Garikai Samaita is a 36-year-old farmer from Goto village in Wedza district, about 100 kilometres southwest of the Zimbabwean capital, Harare. Over the last year, he has discovered how to take the sting out of bees and use them to sweeten his life.
In September 2011, a bee swarm settled in a tree near his homestead. They stung his eight-year-old son, so Mr. Samaita decided to try to smoke them off his property.
However, an agricultural extension worker visiting a relative in the village suggested a different course of action. He suggested that Mr. Samaita to approach the international NGO Environment Africa (EA) for advice on producing honey. That advice prompted the start of a beekeeping project, from which Mr. Samaita is now reaping a livelihood.
Mr. Samaita embarked on his beekeeping enterprise about nine months ago with two hives. Since then, regular harvesting of six beehives from a nearby forest has tripled his honey production.
He adds, “I am now managing to get by and have enough money to look after my family, unlike in the past when we used to struggle. Here in Wedza, harvests have been poor for a number of years because of drought … I am one of the few in this area who have enough food in the house.”

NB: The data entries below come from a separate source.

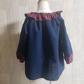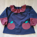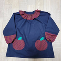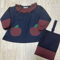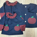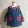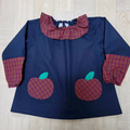 【80~160】りんごポケット レッド チェック ネイビー フリル襟 長袖スモック 袖口切替あり 着丈延長可
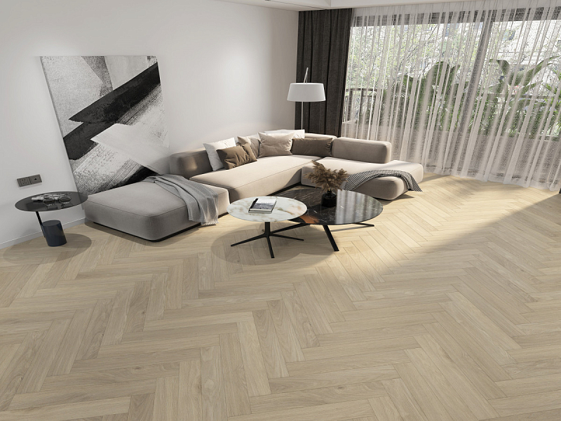 Покрытие подходит для облицовки полов в любом стиле оформления интерьера. Рисунок "Елочкой" хорошо сочетается с разными настенными панелями, позволяет воплощать интересные дизайнерские находки.
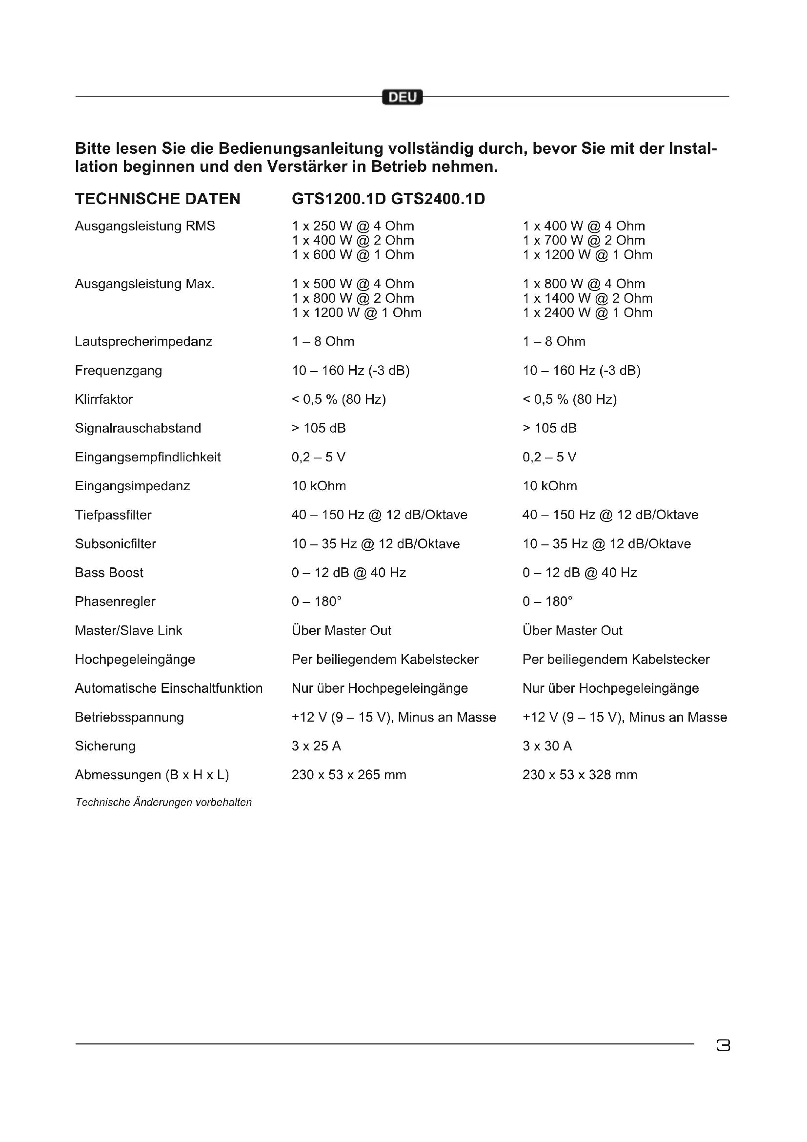 Bitte lesen Sie die Bedienungsanleitung vollständig durch, bevor Sie mit der Instal- lation beginnen und den Verstärker in Betrieb nehmen. 1 x 250 W @ 4 Ohm 1 x 400 W @ 2 Ohm 1 x 600 W @ 1 Ohm 1 x 500 W @ 4 Ohm 1 x 800 W @ 2 Ohm 1 x 1200 W @ 1 Ohm 1 – 8 Ohm 10 – 160 Hz (-3 dB) < 0,5 % (80 Hz) > 105 dB 0,2 – 5 V 10 kOhm 40 – 150 Hz @ 12 dB/Oktave 10 – 35 Hz @ 12 dB/Oktave 0 – 12 dB @ 40 Hz 0 – 180° Über Master Out Per beiliegendem Kabelstecker Nur über Hochpegeleingänge +12 V (9 – 15 V), Minus an Masse 3 x 25 A 230 x 53 x 265 mm 1 x 400 W @ 4 Ohm 1 x 700 W @ 2 Ohm 1 x 1200 W @ 1 Ohm 1 x 800 W @ 4 Ohm 1 x 1400 W @ 2 Ohm 1 x 2400 W @ 1 Ohm 1 – 8 Ohm 10 – 160 Hz (-3 dB) < 0,5 % (80 Hz) > 105 dB 0,2 – 5 V 10 kOhm 40 – 150 Hz @ 12 dB/Oktave 10 – 35 Hz @ 12 dB/Oktave 0 – 12 dB @ 40 Hz 0 – 180° Über Master Out Per beiliegendem Kabelstecker Nur über Hochpegeleingänge +12 V (9 – 15 V), Minus an Masse 3 x 30 A 230 x 53 x 328 mm TECHNISCHE DATEN Ausgangsleistung RMS Ausgangsleistung Max. Lautsprecherimpedanz Frequenzgang Klirrfaktor Signalrauschabstand Eingangsempndlichkeit Eingangsimpedanz Tiefpass lter Subsoniclter Bass Boost Phasenregler Master/Slave Link Hochpegeleingänge Automatische Einschaltfunktion Betriebsspannung Sicherung Abmessungen (B x H x L) Technische Änderungen vorbehalten
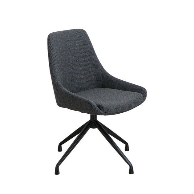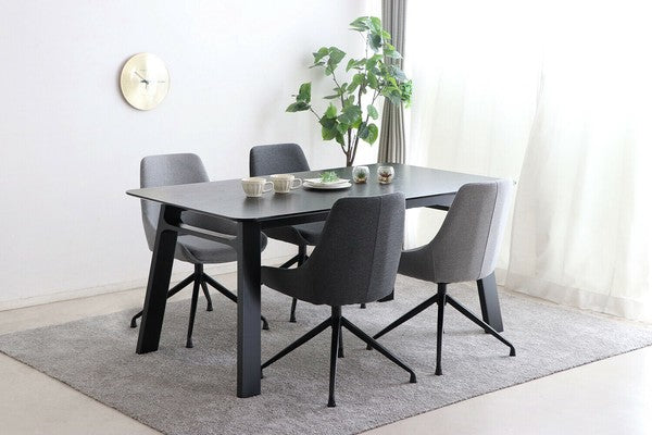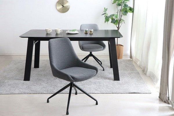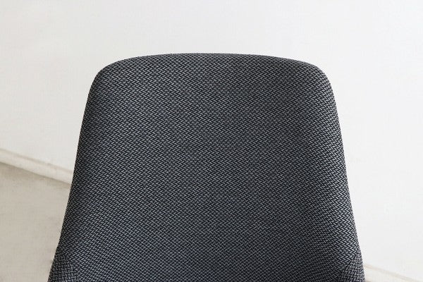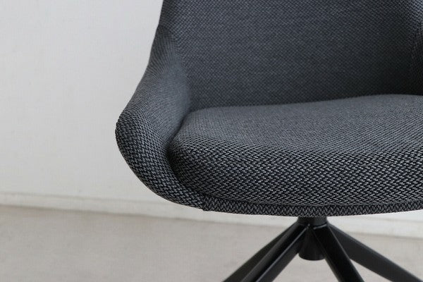 座ったり立ったりがスムーズでとても楽なラウンド式のチェアです。引きずったりする必要がないので床にも優しい仕様となっています。ファブリック柄なので、群れたり、冬のひんやり感もなく優しい雰囲気です。背もたれの上部分の手持ち機能も便利。肘無しなので、座面がテーブルにすっぽりと納まります。背もたれから座面の横からのラインもオシャレポイント。
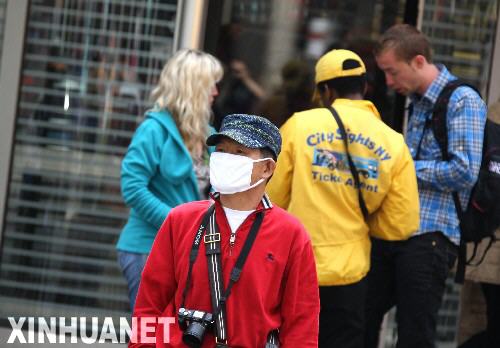 4月29日,一名戴著口罩的日本游客在美國紐約時報廣場觀光。當(dāng)日,美國疾病控制和預(yù)防中心代理主任理查德·貝塞爾表示,美國境內(nèi)確診的豬流感患者人數(shù)已經(jīng)上升至91人,其中包括一名現(xiàn)已死亡的墨西哥兒童。 新華社記者劉欣攝
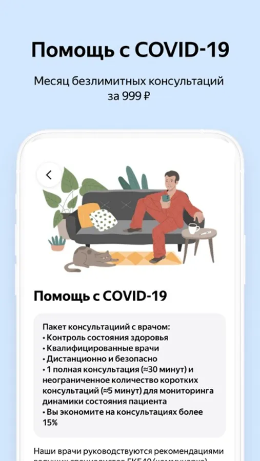 Yandex.Health is available to Russian-speaking users worldwide. Customers can pay 499RUB for a single 30-minute consultation with any specialist – for getting a detailed explanation of their symptoms; or use a 5-minute consultation for getting a quick answer to their question or to have their test results explained by a general practitioner, pediatrician, gynecologist or a vet – for 99RUB.
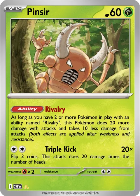 As long as you have 2 or more Pokémon in play with an ability named "Rivalry", this Pokémon does 20 more damage with attacks and takes 10 less damage from attacks (both effects are applied after weakness and resistance).Triple Kick • 20×
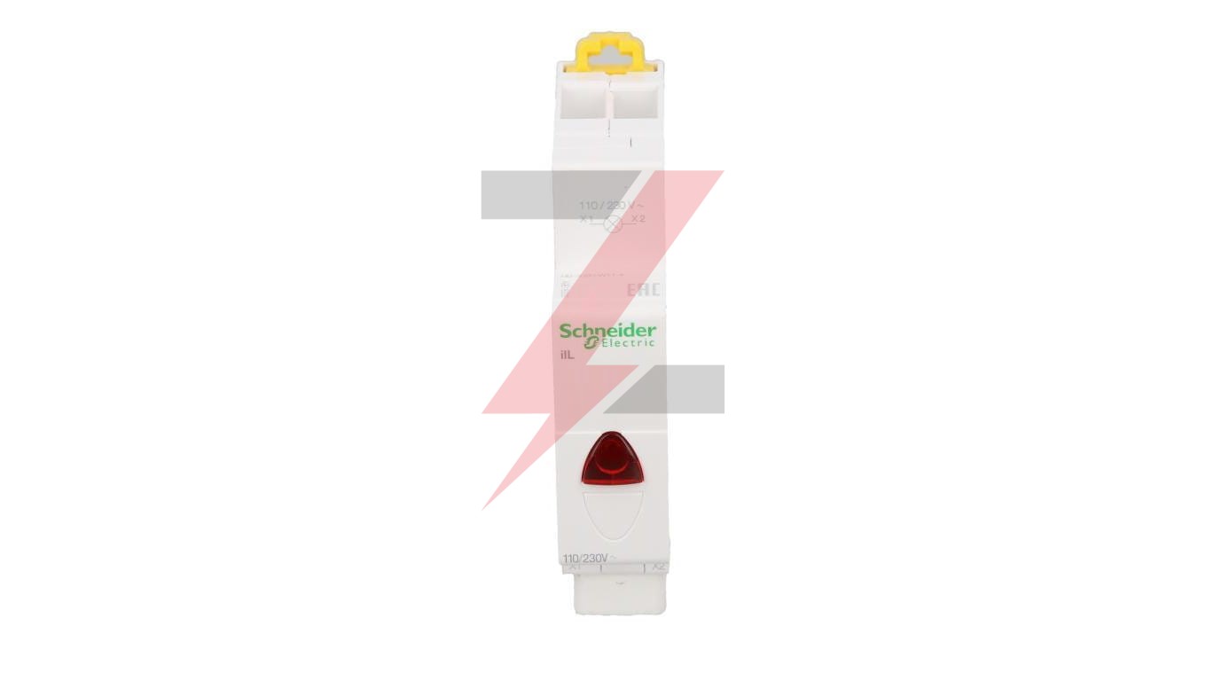 Lampka modułowa, o numerze A9E18320, pojedyncza, czerwona iIL-1-R-230, napięcie pracy 110-230 VAC, 110-130 VDC. Technologia LED, trwałość 100 000 godziny ciągłego świecenia Czerwone światło na przedniej ściance zapala się, wskazując obecność napięcia. Stopień ochrony to IP20. Stopień zanieczyszczenia wynosi 3. Szerokość w rozstawie 9 mm wynosi 2.

It is not only Wedza that has been hit by drought. Southern Zimbabwe has been particularly badly affected. At a national scale, cereal production for the 2011-2012 season is estimated to be only half of the annual requirement of two million tons.

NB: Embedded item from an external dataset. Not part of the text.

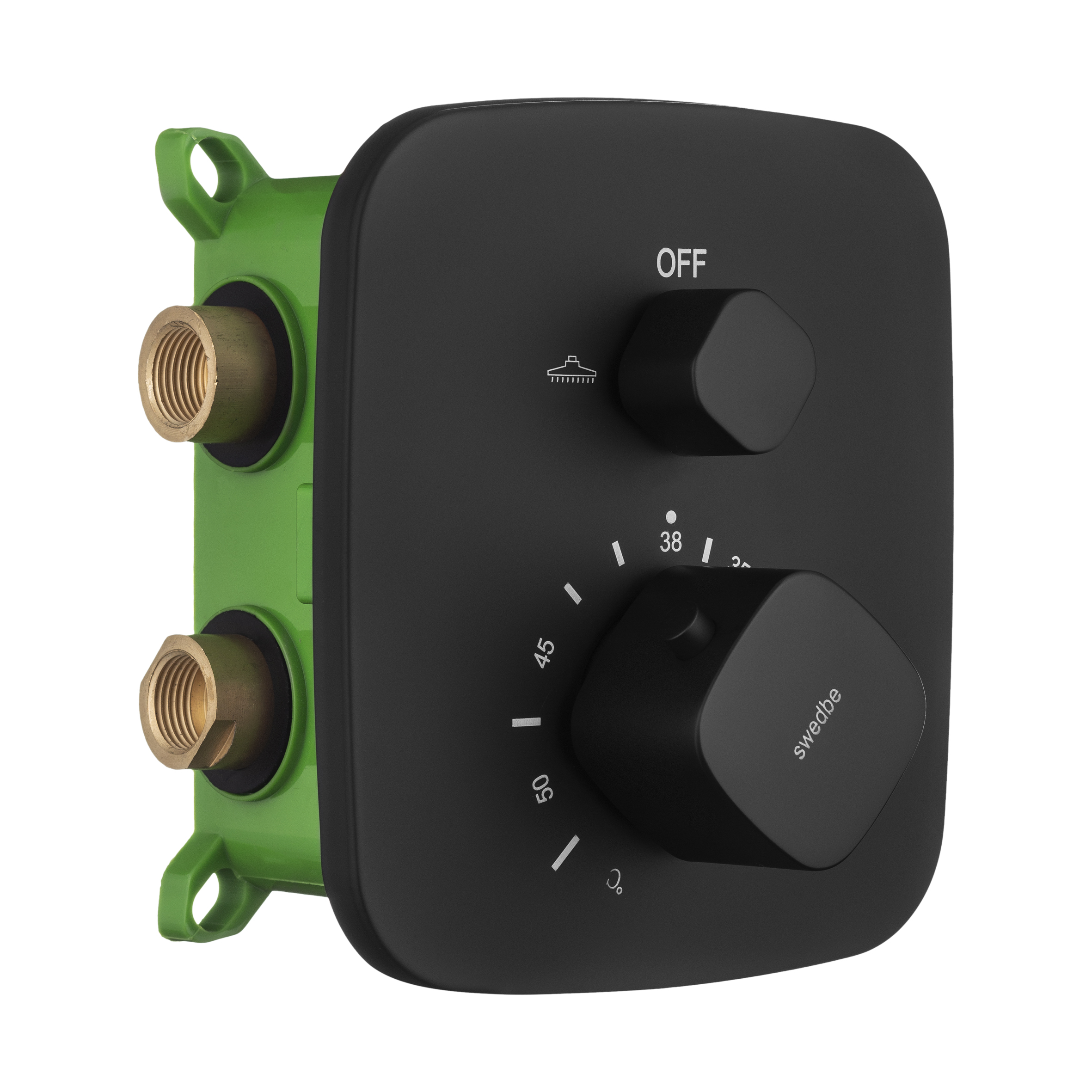 Смеситель для душа Встраиваемый Swedbe Platta термостат подключение на 2 выхода в монтажном боксе черный (9031B)
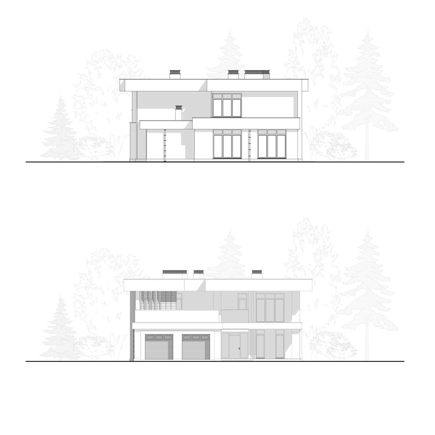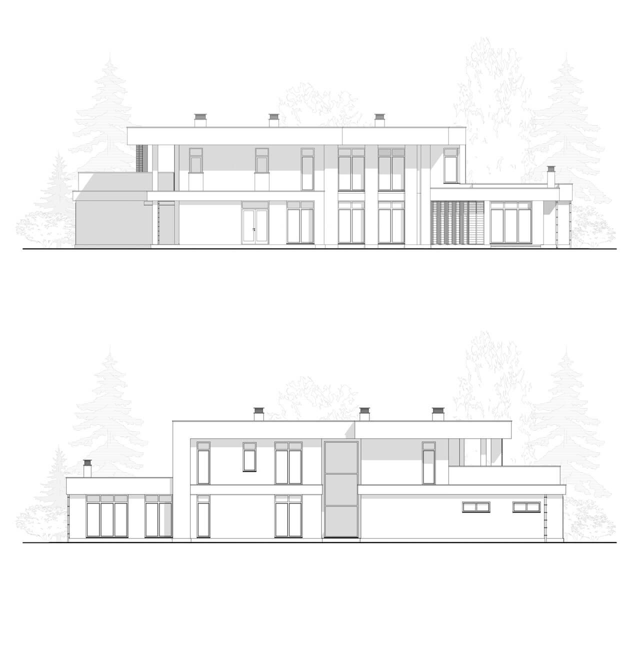 Планировочное решение первого этажа представляет собой связность основных функциональных пространств. Входная зона оснащена вместительной гардеробной и санузлом, также продумана кладовая, расположенная между коридором и кухней. Из гаража на два автомобиля предусмотрен доступ в дом и в котельную.

Mr. Samaita earns US$80 a week from selling honey along the highway and to customers in Harare. This is enough to buy food for his family, pay school costs for two of his children, and cover the costs of his ailing mother’s medication and hospital fees.
He takes his honeycombs to a nearby community-owned processing plant, where EA assists by refining the honey and packaging it for sale.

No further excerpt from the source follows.